The triangle inequality was used to obtain the final result. Equality is obtained when the fluctuations in free energy are Maxwellian,

(E 6) $$\begin{eqnarray}T={\textstyle \frac{1}{3}}(T_{\Vert }+2T_{\bot })={\textstyle \frac{1}{3}}(\sqrt{2}H_{0,2}+2H_{1,0}).\end{eqnarray}$$

Upon enforcing this constraint and eliminating $H_{1,0}$ from ${\dot{W}}_{C}$ by setting

(E 7) $$\begin{eqnarray}H_{1,0}={\textstyle \frac{1}{2}}(3T-\sqrt{2}H_{0,2})\end{eqnarray}$$

so that

(E 8) $$\begin{eqnarray}|H_{1,0}|^{2}={\textstyle \frac{1}{4}}(9|T|^{2}-6\sqrt{2}H_{0,2}T+2|H_{0,2}|^{2}),\end{eqnarray}$$

one finds

(E 9) $$\begin{eqnarray}\frac{1}{\unicode[STIX]{x1D708}\unicode[STIX]{x1D70F}_{s}}\frac{\unicode[STIX]{x2202}W_{C}}{\unicode[STIX]{x2202}t}|_{\text{Maxwellian}}\equiv -2|H_{0,2}|^{2}-\frac{1}{2}(9|T|^{2}-6\sqrt{2}H_{0,2}T+2|H_{0,2}|^{2})+3|T|^{2}=0.\end{eqnarray}$$

As advertised, the right-hand side vanishes when $\sqrt{2}H_{0,2}=T=T_{\Vert }=T_{\bot }$ . Fluctuations that are Maxwellian (with a single temperature) are not affected by collisions.

The form of the ${\mathcal{J}}_{\ell }$ operator ensures that the FLR corrections to real-space quantities such as $\bar{u}_{\Vert }$ are strictly sub-dominant, as can be shown by rearranging the terms the expression for ${\dot{W}}_{C}$ , but the existence of an $H$ -theorem is more easily shown before gyroaveraging, as we demonstrate in the following section.

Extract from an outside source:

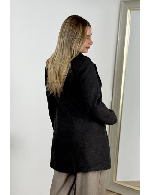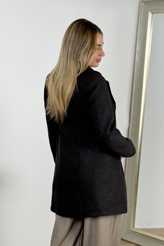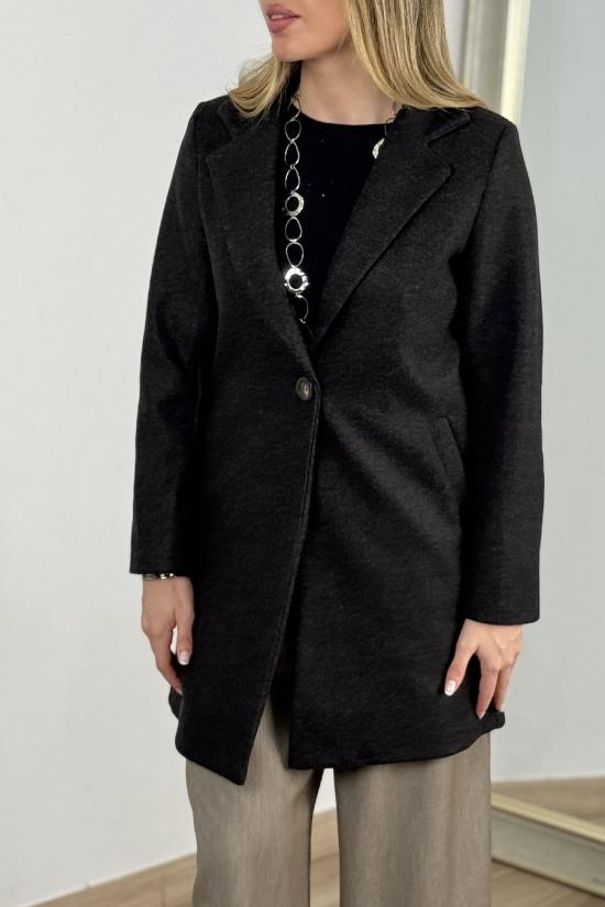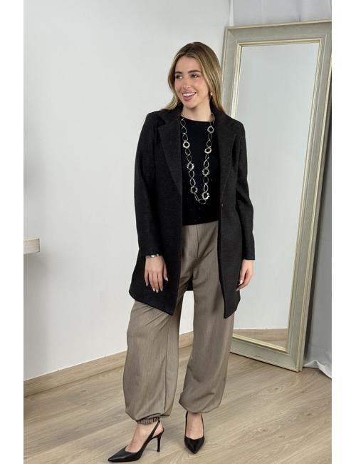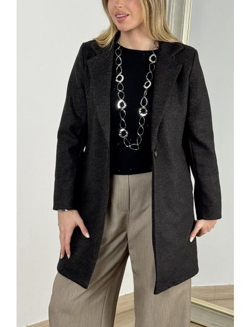 Abrigo midi confeccionado en paño suave de doble capa. Cuello pico con solapa y cierre mediante un botón. Dos bolsillos laterales y forro interior.

To summarize, we have demonstrated that long wavelength, real-space fluctuations of density, momentum and temperature are unaffected by collisions in our model. In fact, the conservation laws for real space density, momentum and energy are correctly implemented at all wavelengths. Small-scale fluctuations of guiding centre density, momentum and energy are not locally conserved. This is the correct physical behaviour. For example, a collision at some position $\boldsymbol{r}$ in general causes an instantaneous change in the density of guiding centres at some potentially distant $\boldsymbol{R}$ in gyrokinetics. Of course, it actually takes a gyroperiod to establish the new gyrocentre, but one averages over that fast time scale in developing the gyrokinetic equations.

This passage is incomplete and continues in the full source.